I can mock the OrderParser but how do I pass that to the orderProcessor mocked class?
Please do let me know.
Thanks in advance.
I'm a little confused by your test since you are not really testing anything except that RhinoMocks works. You create two mocks and then do some assertions on them. You haven't even tested your real classes.
You need to do some dependency injection if you really want to get a good unit test. You can quickly refactor your code to use interfaces and dependency injection to make your test valid.
Start by extracting an interface from your OrderParser class:
public interface IOrderParser
{
String ParseOrder(String value);
}
Now make sure your OrderParser class implements that interface:
public class OrderParser: IOrderParser{ ... }
You can now refactor your OrderProcessor class to take in an instance of an IOrderParser object through its constructor. In this way you "inject" the dependency into the class.
public class OrderProcessor
{
IOrderParser _orderParser;
public OrderProcessor(IOrderParser orderParser)
{
_orderParser = orderParser;
}
public virtual string PlaceOrder(string val)
{
string tester = _orderParser.ParseOrder(val);
return tester + " here" ;
}
}
In your test you only want to mock out the dependency and not the SUT (Subject Under Test).

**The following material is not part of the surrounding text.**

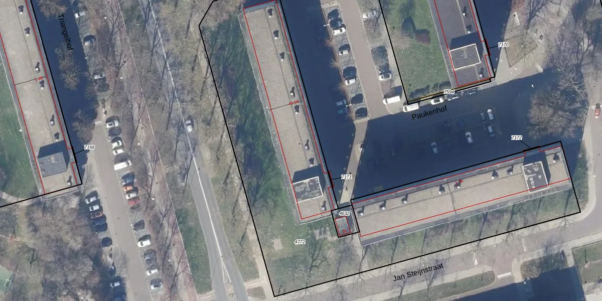 Het perceel waarop Paukenhof 52-GA17 staat heeft een oppervlakte van 4615 m². Dit is een zeer groot perceel. De perceeloppervlakte wordt geregistreerd door het Kadaster. Gedetailleerde informatie over de maten van dit perceel kunt u vinden in het rapport Kadastrale kaart met maatvoering van Paukenhof 52-GA17.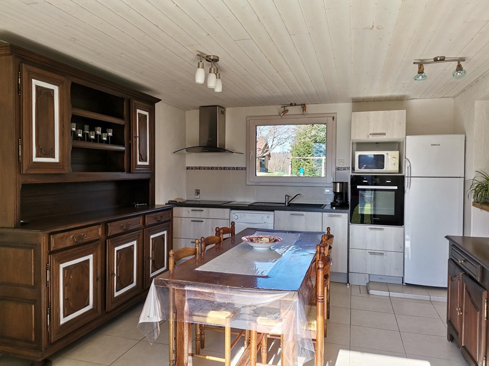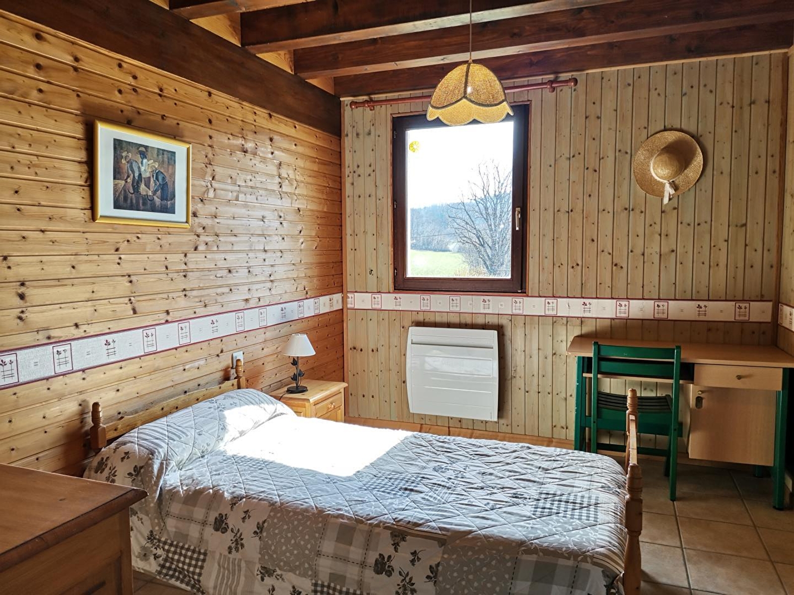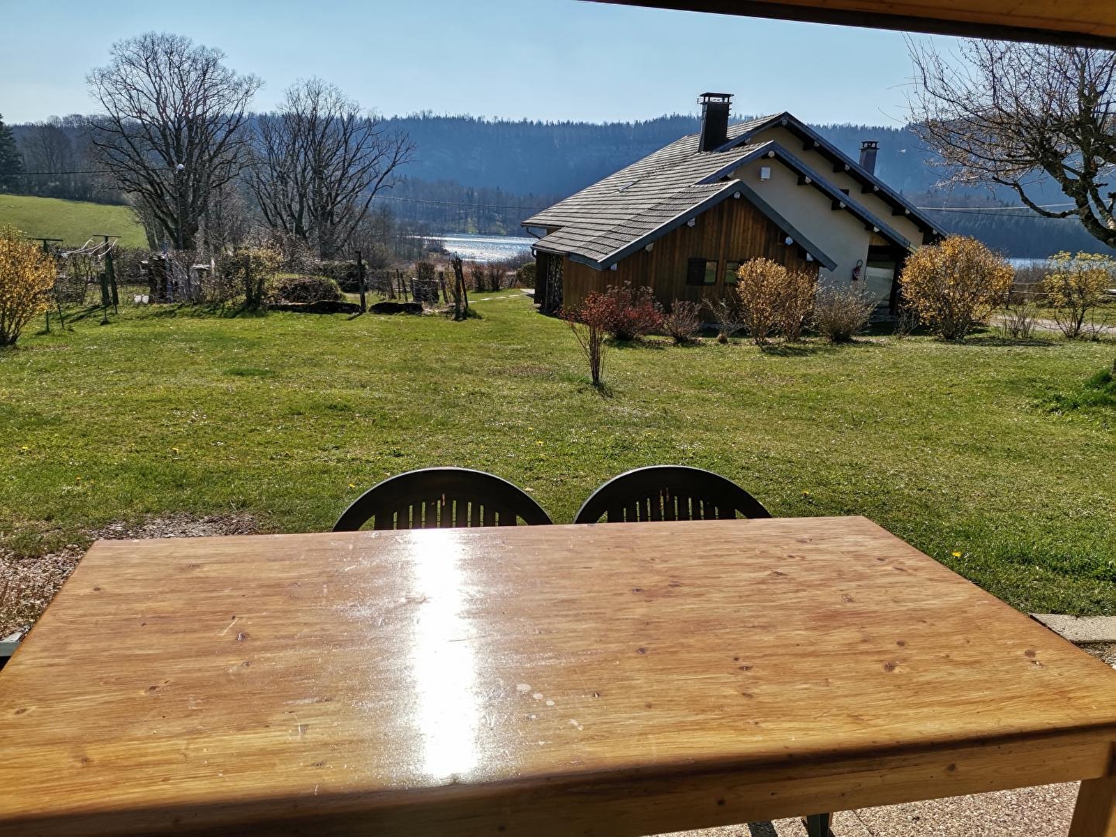 Unabhängiges Haus im Herzen der Region der Seen und Wasserfälle, am Fuße und mit Blick auf den See von Ilay. Gite de France 3 Ähren. Das ganze Jahr über geöffnet, wöchentliche Vermietung. Holzhaus mit überdachter Terrasse für Gartenmöbel, Grill. Garage zur Aufbewahrung von Fahrrädern und diversem Material (Skier...), mit Privatparkplatz. Großer angrenzender Garten mit Spielplatz. Im Erdgeschoss: Einbauküche, offen zum Wohnraum mit Sichtglasofen, geschlossene Veranda mit Essbereich. Schlafzimmer 1: 1 Doppelbett, Schlafzimmer 2: 1 Doppelbett, Badezimmer, separates WC. Obergeschoss: Sitzecke, Büro, Zimmer 3: 2 Einzelbetten, Badezimmer optional mit einem Aufpreis von 30 €/Woche. Holz- und Elektroheizung (Holzpauschale zwischen 25 und 45 € je nach Saison). Nur ein Haustier erlaubt, Kaution 200 €.

Your test would look something like this:
public class OrderTest
{
public void TestParser()
{
// Arrange
var spec = MockRepository.GenerateMock<IOrderParser>();
var client = new OrderProcessor(spec);
spec.Stub(x => x.ParseOrder("test")).IgnoreArguments().Return("Test1");
//Act
var s = client.PlaceOrder("Blah");
//Assert
Assert.AreEqual("Test1 Here", s);
}
}
It is difficult for me to gauge what you are trying to do with your classes, but you should be able to get the idea from this. A few axioms to follow:
Use interfaces and composition over inheritance
Use dependency injection for external dependencies (inversion of control)
Test a single unit, and mock its dependencies
Only mock one level of dependencies. If you are testing class X which depends on Y which depends on Z, you should only be mocking Y and never Z.
Always test behavior and never implementation details
You seem to be on the right track, but need a little guidance. I would suggest reading material that Martin Fowler, and Bob Martin have to get up to speed.